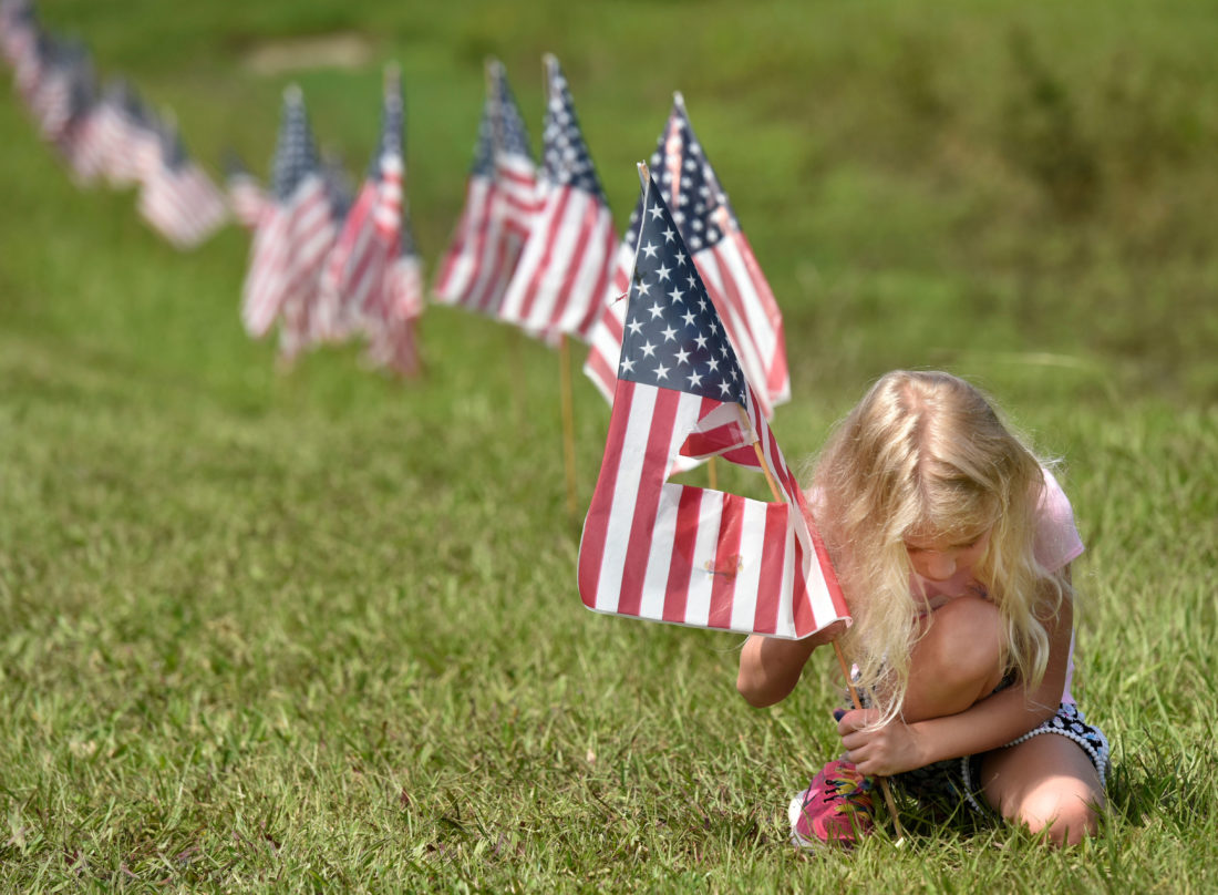 AP Photo Luna Chiarello, 6, helps her mother Silver put American flags out along the road in front of their family business, Robinson's Auto Parts, Tuesday in Orange Mills, Fla., the day before Independence Day.
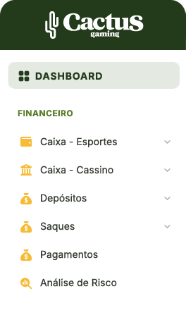 A plataforma White Label da Cactus permite que operadores lancem rapidamente seus negócios de iGaming com marca própria. Com tecnologia robusta e recursos avançados, oferece flexibilidade, escalabilidade e suporte completo para crescimento sustentável.
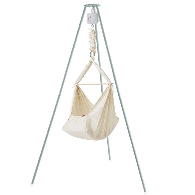 Designet og udviklet i Danmark. Basic vuggestativ er specialdesignet til brug af slyngevugge og tvillingeslyngevugge – både med og uden vuggemotor.
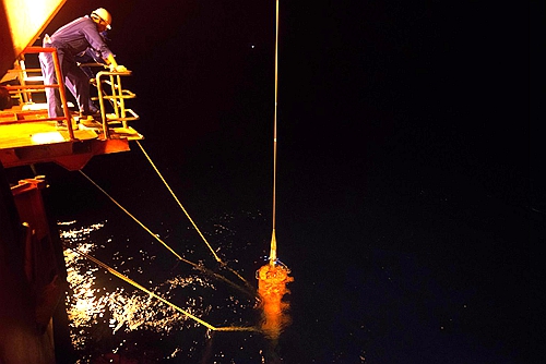 有了第一次下水的經(jīng)驗(yàn),第二次下水工作變得輕車熟路。工程技術(shù)人員開動吊車、A架,下放設(shè)備,科考隊(duì)員安裝取樣管、調(diào)試設(shè)備,配合相當(dāng)默契。
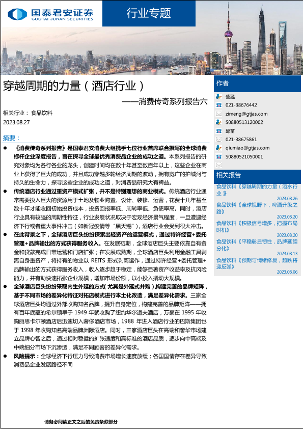 【国泰君安证券】【20230827】穿越周期的力量(酒店行业)——消费传奇系列报告六-30页
+++
Images are to be left out when the records above are written out again exactly.

▶ _RESULT OF THIS EXERCISE_
 AP Photo Luna Chiarello, 6, helps her mother Silver put American flags out along the road in front of their family business, Robinson's Auto Parts, Tuesday in Orange Mills, Fla., the day before Independence Day.
 A plataforma White Label da Cactus permite que operadores lancem rapidamente seus negócios de iGaming com marca própria. Com tecnologia robusta e recursos avançados, oferece flexibilidade, escalabilidade e suporte completo para crescimento sustentável.
 Designet og udviklet i Danmark. Basic vuggestativ er specialdesignet til brug af slyngevugge og tvillingeslyngevugge – både med og uden vuggemotor.
 有了第一次下水的經(jīng)驗(yàn),第二次下水工作變得輕車熟路。工程技術(shù)人員開動吊車、A架,下放設(shè)備,科考隊(duì)員安裝取樣管、調(diào)試設(shè)備,配合相當(dāng)默契。
 【国泰君安证券】【20230827】穿越周期的力量(酒店行业)——消费传奇系列报告六-30页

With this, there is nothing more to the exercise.